» What the task requires:
In the material below, please retype the lines from the very first through the one with "以岭药业的例子非常直观,两次", exactly and without pictures.

┄┄┄┄┄┄┄┄┄┄┄┄┄┄┄┄┄┄┄┄

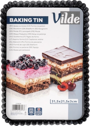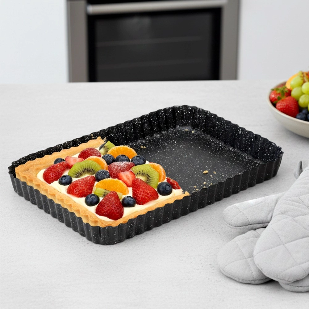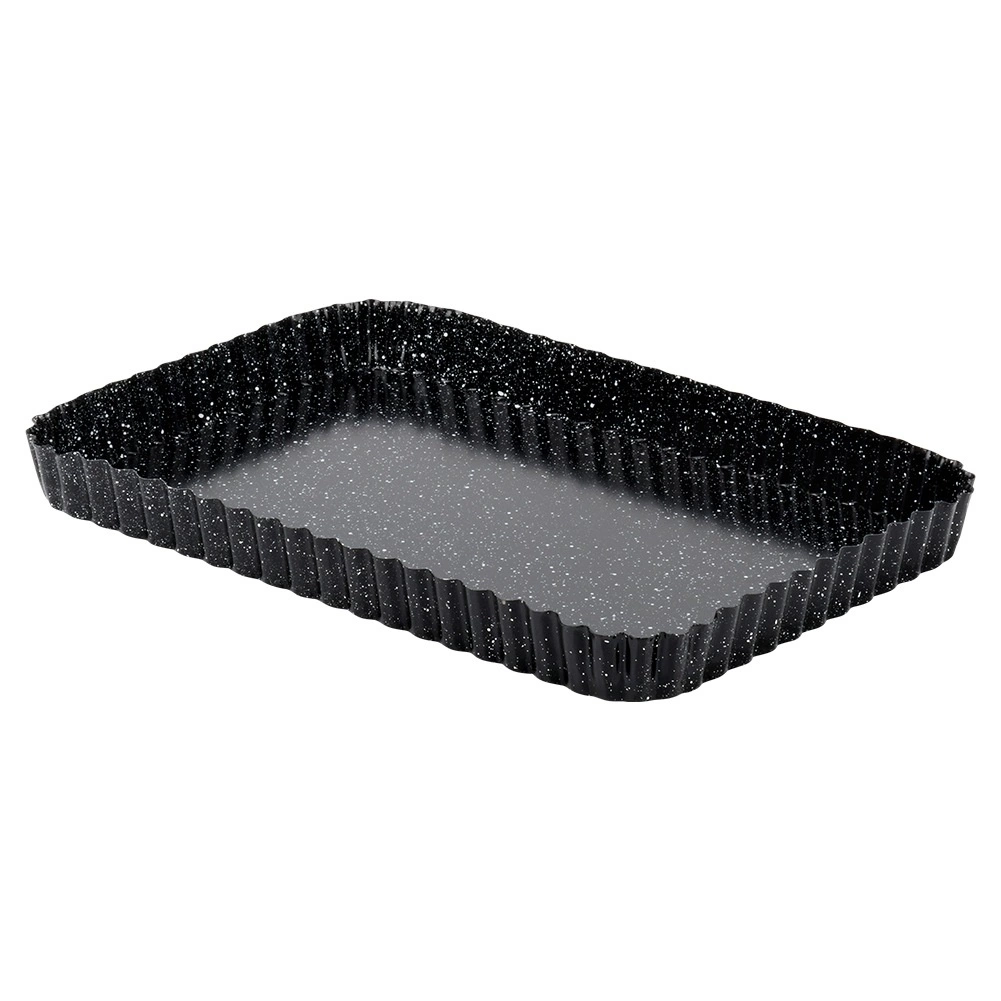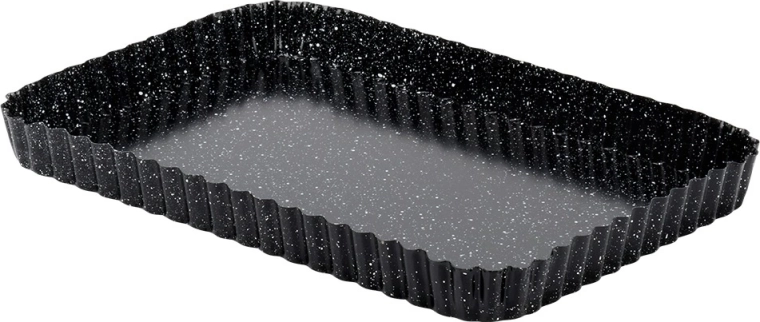 De rechthoekige vorm met gegolfde rand en uitneembare bodem is een uitstekende keuze voor zowel dagelijks als feestelijk bakken. Dankzij hoogwaardig koolstofstaal met granieten coating geleidt hij warmte uitstekend en helpt hij een perfect en gelijkmatig resultaat te bereiken zonder aanbakken.
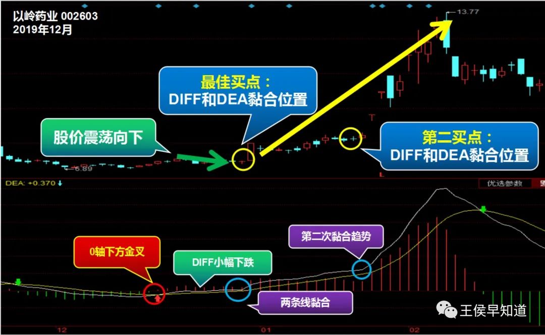 以岭药业的例子非常直观,两次黏合就是两次股票买点!空中缆绳形态是一种强烈的看涨信号。当零轴下方形成金叉,且DIFF线、DEA线顺利向上突破零轴是,表明市场上涨趋势基本成型。黏合表明市场正在积极蓄势,这个位置就会形成股票买点。之后DIFF线向上,表明上涨动能再度启动,股价将会出现一波较大的涨势。
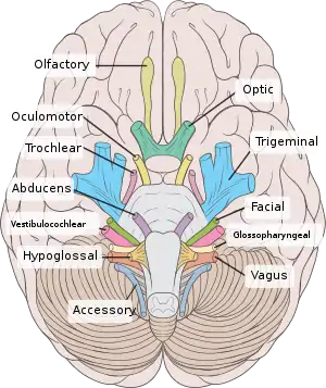 The midbrain of the brainstem has the nuclei of the oculomotor nerve (III) and trochlear nerve (IV); the pons has the nuclei of the trigeminal nerve (V), abducens nerve (VI), facial nerve (VII) and vestibulocochlear nerve (VIII); and the medulla has the nuclei of the glossopharyngeal nerve (IX), vagus nerve (X), accessory nerve (XI) and hypoglossal nerve (XII).[10] The olfactory nerve (I) emerges from the olfactory bulb, and depending slightly on division the optic nerve (II) is considered to emerge from the lateral geniculate nuclei.[10]
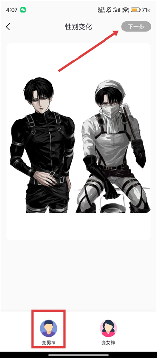 3、进入性别变换界面后,选择【变男神】或【变女神】风格,再点击【下一步】,即可生成效果哦。
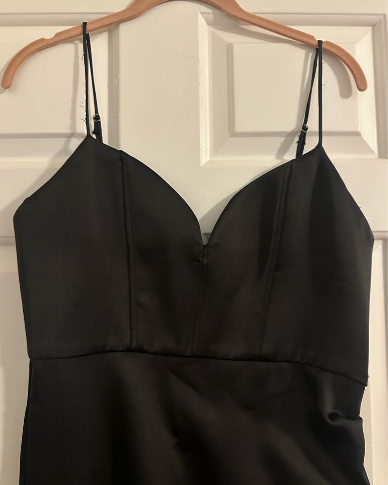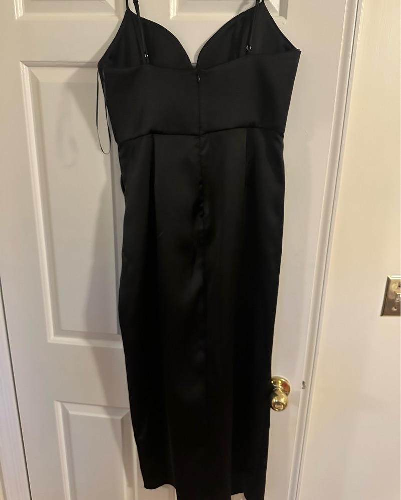 This stunning black dress exudes elegance and style, making it perfect for a formal event or special occasion.

┄┄┄┄┄┄┄┄┄┄┄┄┄┄┄┄┄┄┄┄

» Response box:
 De rechthoekige vorm met gegolfde rand en uitneembare bodem is een uitstekende keuze voor zowel dagelijks als feestelijk bakken. Dankzij hoogwaardig koolstofstaal met granieten coating geleidt hij warmte uitstekend en helpt hij een perfect en gelijkmatig resultaat te bereiken zonder aanbakken.
 以岭药业的例子非常直观,两次黏合就是两次股票买点!空中缆绳形态是一种强烈的看涨信号。当零轴下方形成金叉,且DIFF线、DEA线顺利向上突破零轴是,表明市场上涨趋势基本成型。黏合表明市场正在积极蓄势,这个位置就会形成股票买点。之后DIFF线向上,表明上涨动能再度启动,股价将会出现一波较大的涨势。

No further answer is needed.